▶ Description of the task
The task calls for the lines below from the line with "(2016) Écartelé: au" to the line with "Chiều ngày 19", both ends included, copied exactly, without any pictures.

▶ Collected material
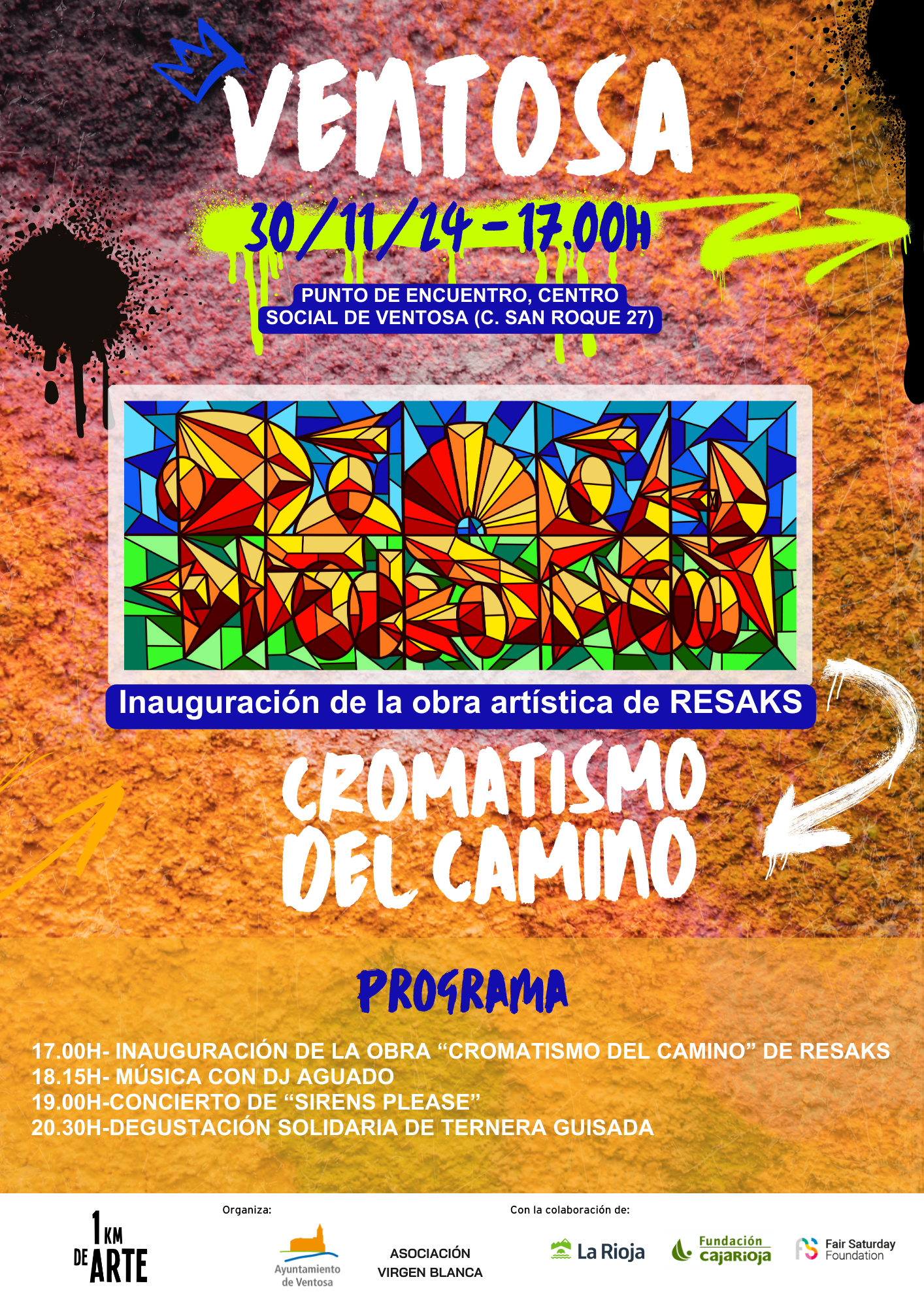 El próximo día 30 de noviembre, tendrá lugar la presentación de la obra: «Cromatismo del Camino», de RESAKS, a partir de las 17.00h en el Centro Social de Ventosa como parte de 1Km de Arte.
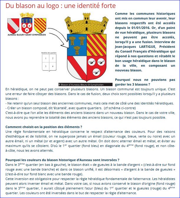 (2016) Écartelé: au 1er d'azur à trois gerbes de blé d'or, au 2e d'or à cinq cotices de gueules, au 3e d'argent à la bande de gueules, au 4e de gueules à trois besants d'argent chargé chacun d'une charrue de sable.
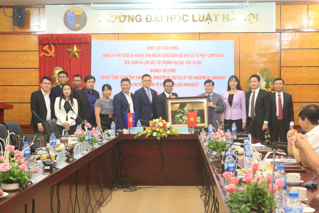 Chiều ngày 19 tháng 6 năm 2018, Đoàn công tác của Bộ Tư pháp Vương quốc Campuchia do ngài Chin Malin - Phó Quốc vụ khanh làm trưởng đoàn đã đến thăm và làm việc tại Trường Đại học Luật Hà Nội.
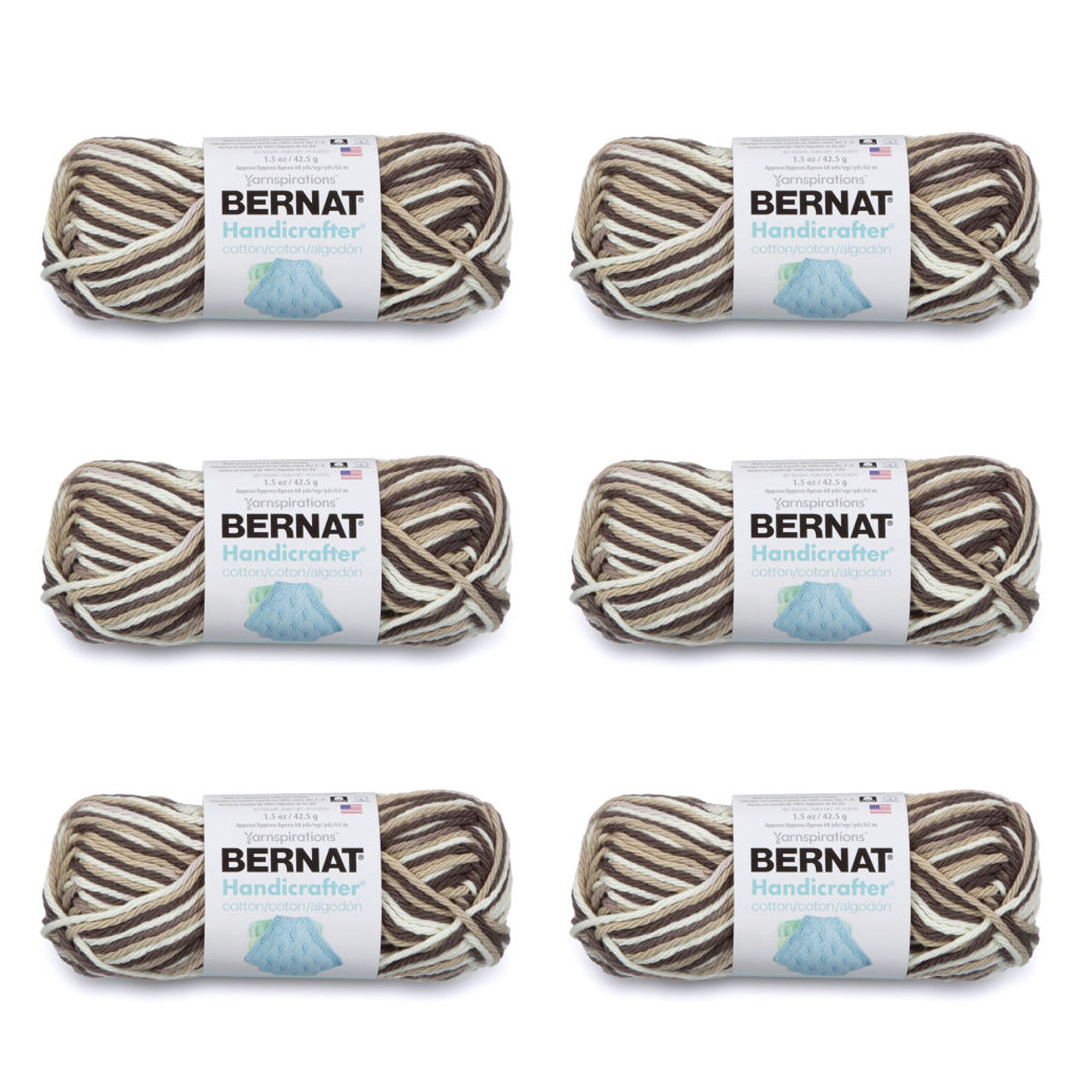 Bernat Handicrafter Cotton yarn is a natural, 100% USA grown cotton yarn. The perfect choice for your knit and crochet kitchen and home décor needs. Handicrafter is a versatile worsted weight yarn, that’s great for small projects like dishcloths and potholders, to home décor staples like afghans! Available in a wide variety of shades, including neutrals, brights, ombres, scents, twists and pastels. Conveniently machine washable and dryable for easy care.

▶ Exercise answer
 (2016) Écartelé: au 1er d'azur à trois gerbes de blé d'or, au 2e d'or à cinq cotices de gueules, au 3e d'argent à la bande de gueules, au 4e de gueules à trois besants d'argent chargé chacun d'une charrue de sable.
 Chiều ngày 19 tháng 6 năm 2018, Đoàn công tác của Bộ Tư pháp Vương quốc Campuchia do ngài Chin Malin - Phó Quốc vụ khanh làm trưởng đoàn đã đến thăm và làm việc tại Trường Đại học Luật Hà Nội.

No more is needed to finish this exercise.